### TASK PROMPT
Give back the whole listing exactly as written, pictures excluded.
(Beginning of SUPPLIED INFORMATION)
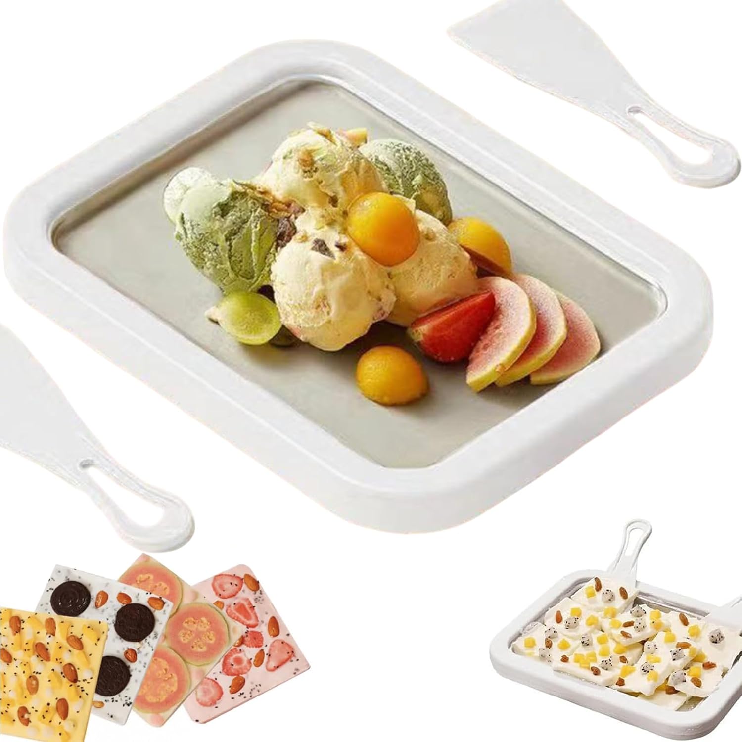 Rolled Ice Cream Maker, At-Home Rolled Ice Cream Machine with Instant Freeze Tray & 2 Scrapers,DIY Fun Family Activity Instant Ice Cream Maker for Yogurt, Sorbet (White)
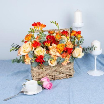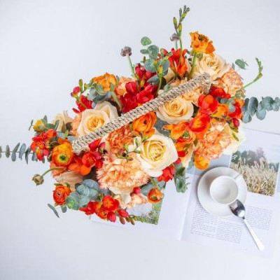 花礼/十全十美/花篮香槟玫瑰、橙康乃馨洋牡丹/七夕情人节礼物鲜花/当日达
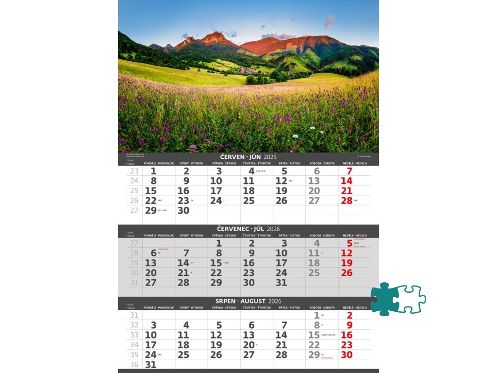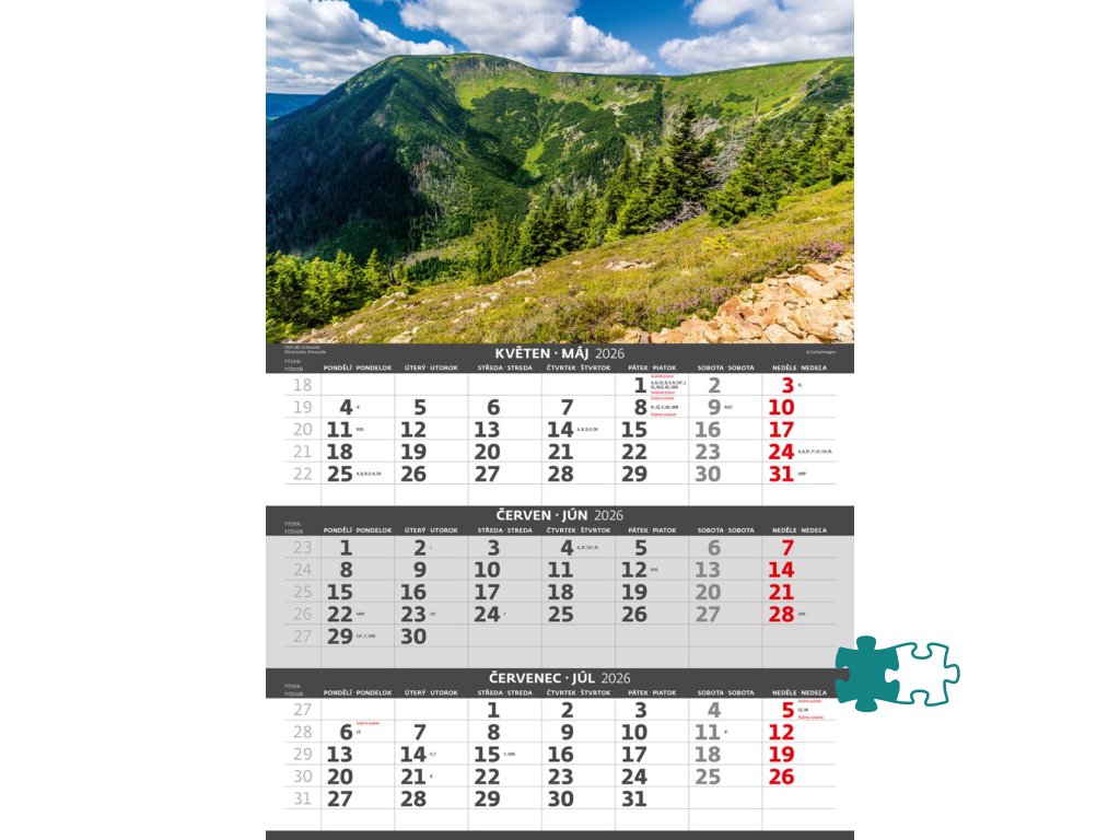Nástenný kalendár 3-mesačný Hory 31,5 x 45 cm 2026
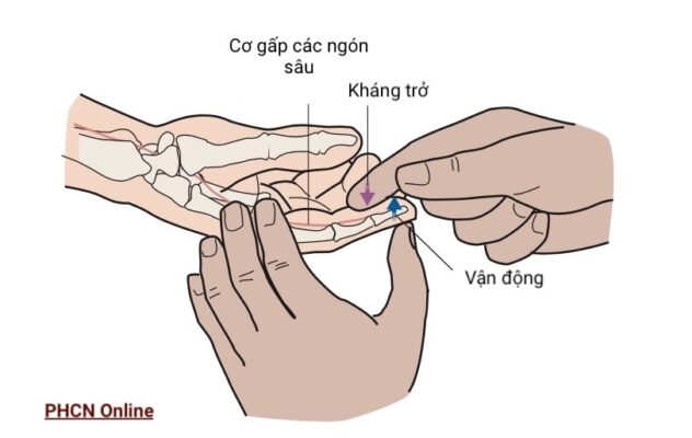 Cơ gấp các ngón tay dài (flexor digitorum profundus), được phân bố bởi các dây thần kinh giữa và dây trụ, được sử dụng để đánh giá mức rễ C8. (Ngoài ra có thể sử dụng cơ khép ngón cái, thần kinh trụ.)
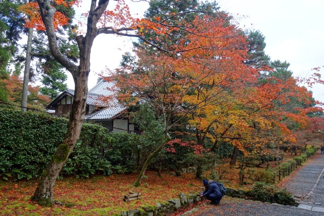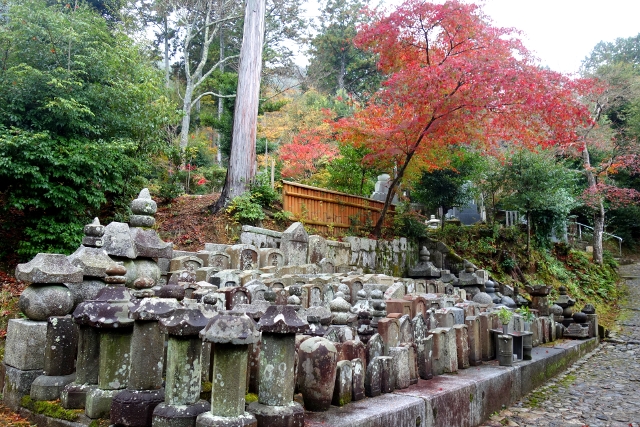 原路繞回了「法然上人廟」,我由另側步道迂迴而下。可能是寺區楓景太過醉人,不少身份尊貴者就算離了塵世,依舊選擇長眠此地,才走了一段距離,便見三位天皇的塚塔併立於山坳,再循徑往前,還有些不同姓氏的家墓,或許也曾在歷史顯赫一時。然儘管碑塚處處,卻未散著森冷氛圍,畢竟路邊探露著斑豔楓紅,引人抬望,行走其間,碑林便漸與寺院石燈、樹下堆岩同化,不知不覺忘了它們的存在。
(End of SUPPLIED INFORMATION)
### RESPONSE TO THE EXERCISE
 Rolled Ice Cream Maker, At-Home Rolled Ice Cream Machine with Instant Freeze Tray & 2 Scrapers,DIY Fun Family Activity Instant Ice Cream Maker for Yogurt, Sorbet (White)
 花礼/十全十美/花篮香槟玫瑰、橙康乃馨洋牡丹/七夕情人节礼物鲜花/当日达
Nástenný kalendár 3-mesačný Hory 31,5 x 45 cm 2026
 Cơ gấp các ngón tay dài (flexor digitorum profundus), được phân bố bởi các dây thần kinh giữa và dây trụ, được sử dụng để đánh giá mức rễ C8. (Ngoài ra có thể sử dụng cơ khép ngón cái, thần kinh trụ.)
 原路繞回了「法然上人廟」,我由另側步道迂迴而下。可能是寺區楓景太過醉人,不少身份尊貴者就算離了塵世,依舊選擇長眠此地,才走了一段距離,便見三位天皇的塚塔併立於山坳,再循徑往前,還有些不同姓氏的家墓,或許也曾在歷史顯赫一時。然儘管碑塚處處,卻未散著森冷氛圍,畢竟路邊探露著斑豔楓紅,引人抬望,行走其間,碑林便漸與寺院石燈、樹下堆岩同化,不知不覺忘了它們的存在。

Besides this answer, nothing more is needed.